'Edward Lear rewrites The Flea by John Donne' by Marnanel Thurman is Write Out Loud Poem of the Week
Congratulations to Marnanel Thurman, whose poem 'Edward Lear rewrites "The Flea" by John Donne' is our Write Out Loud Poem of the Week. Here are the responses to our Q&A
How long have you been writing?
I've been writing poetry all my life. When I was five years old, I cadged a school exercise book and started making an anthology. I still treasure that book. Most of the poems are from other people, but there are a few of my own. Here's one of them.
What a flutter!
What a butter!
The jam is spreading on.
And Marmite too
And Marmite too
We will eat it up
Yum yum.
When I was seven, someone gave me a copy of Kaye Webb's anthology, "I Like This Poem". It's categorised by the appropriate age, going up to the teens, but I read them all. This was my introduction to RS Thomas, whose "Welsh Testament" I loved even though I hardly understood it, and Christina Rossetti's "Something I Remember", whose rhyme scheme I gleefully dissected. Alfred Noyes's "The Highwayman" terrified me enough that I counted the number of pages it took, so that whenever I reached that point in the book, I could turn past it with my eyes closed. And Betjeman's "Portrait of a Deaf Man" was what might be politely described as a mindfuck. But it probably helped me through the death of my own grandfather, three years later.

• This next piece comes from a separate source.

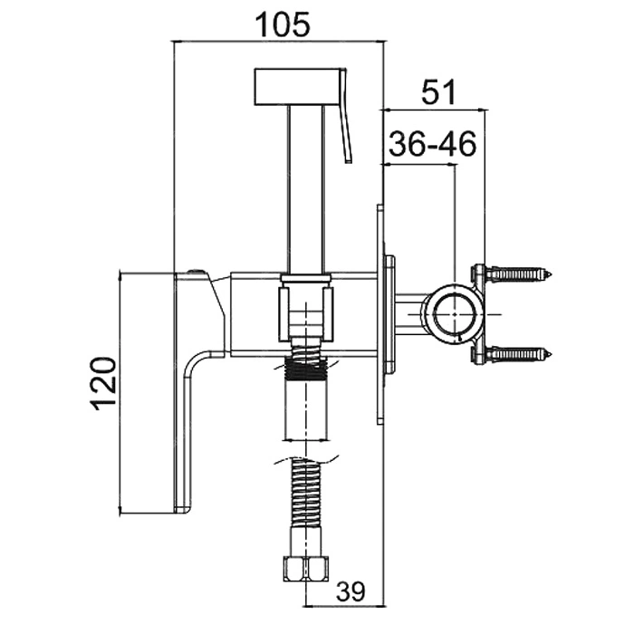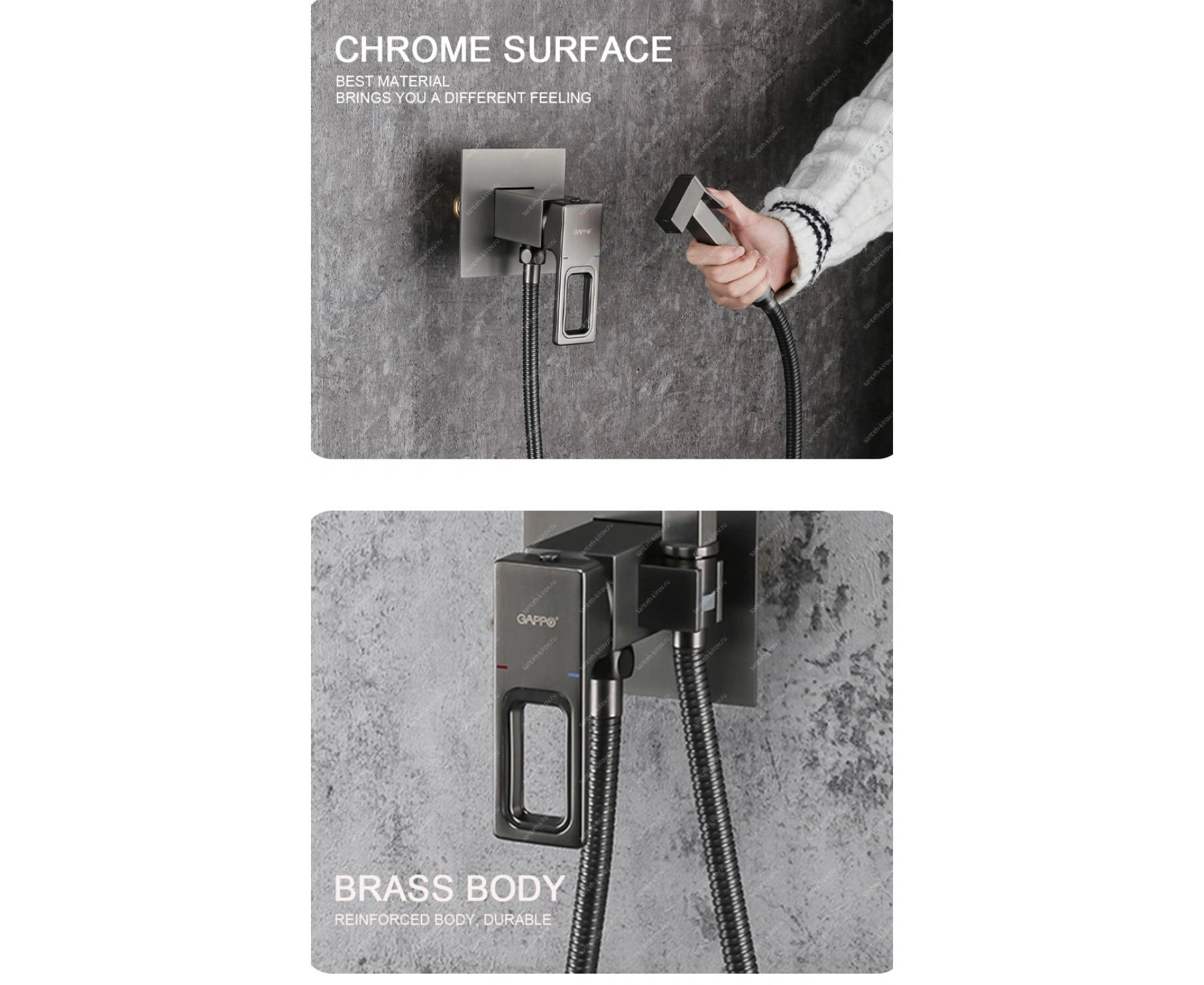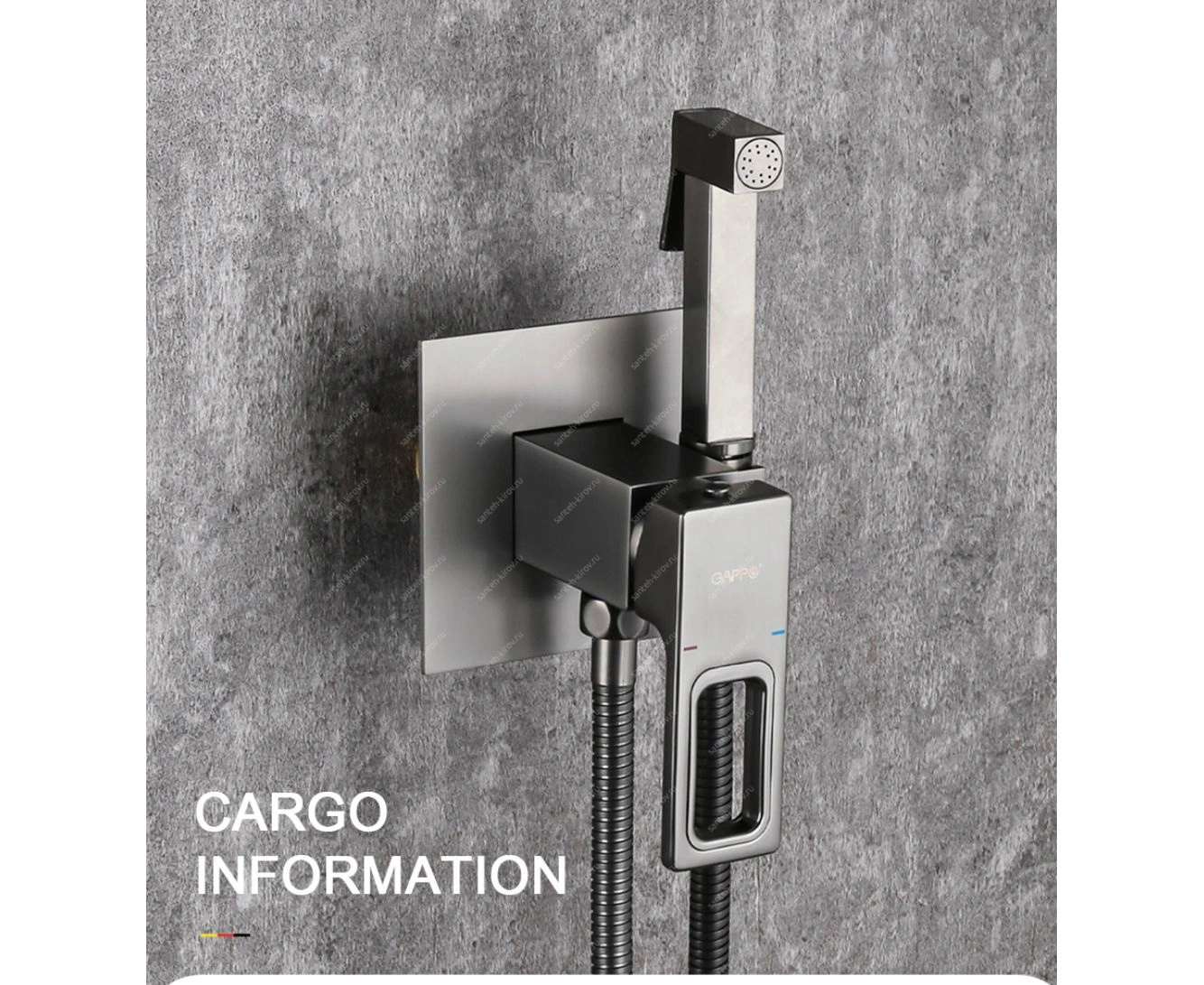 смеситель с латунной рукоятью, лейка для биде, кронштейн для лейки, шланг 1,2 м.

Do you go to any open-mic nights?
Not many since I became sick, about five years ago: it exhausts me to go out too much. When I lived down south, I adored Dónall and Janice's spoken word night in Guildford, now called 1000 Monkeys, where I cut my teeth as a performer. I play guitar, and open mic audiences which aren't specifically about poetry seem to prefer music. But that's all right, because I can steal a tune and write a poem to it.
What’s your favourite poet/poem?
You want me to pick *one*? After some thought, I'll go with Francis Thompson. As a young poet, he considered throwing himself into the Thames. Apparently the ghost of Thomas Chatterton appeared and told him it really wasn't worth it. (Chatterton was a fine poet who had overdosed at the age of seventeen, 150 years earlier.) Thompson is justly famous for ''The Hound of Heaven", but the poem of his I love best is "An Arab Love Song". It has very little to do with actual Arabs, but a lot to do with romantic and erotic love:
The hunchèd camels of the night
Trouble the bright
And silver waters of the moon.
The Maiden of the Morn will soon
Through Heaven stray and sing,
Star gathering.
Now while the dark about our loves is strewn,
Light of my dark, blood of my heart, O come!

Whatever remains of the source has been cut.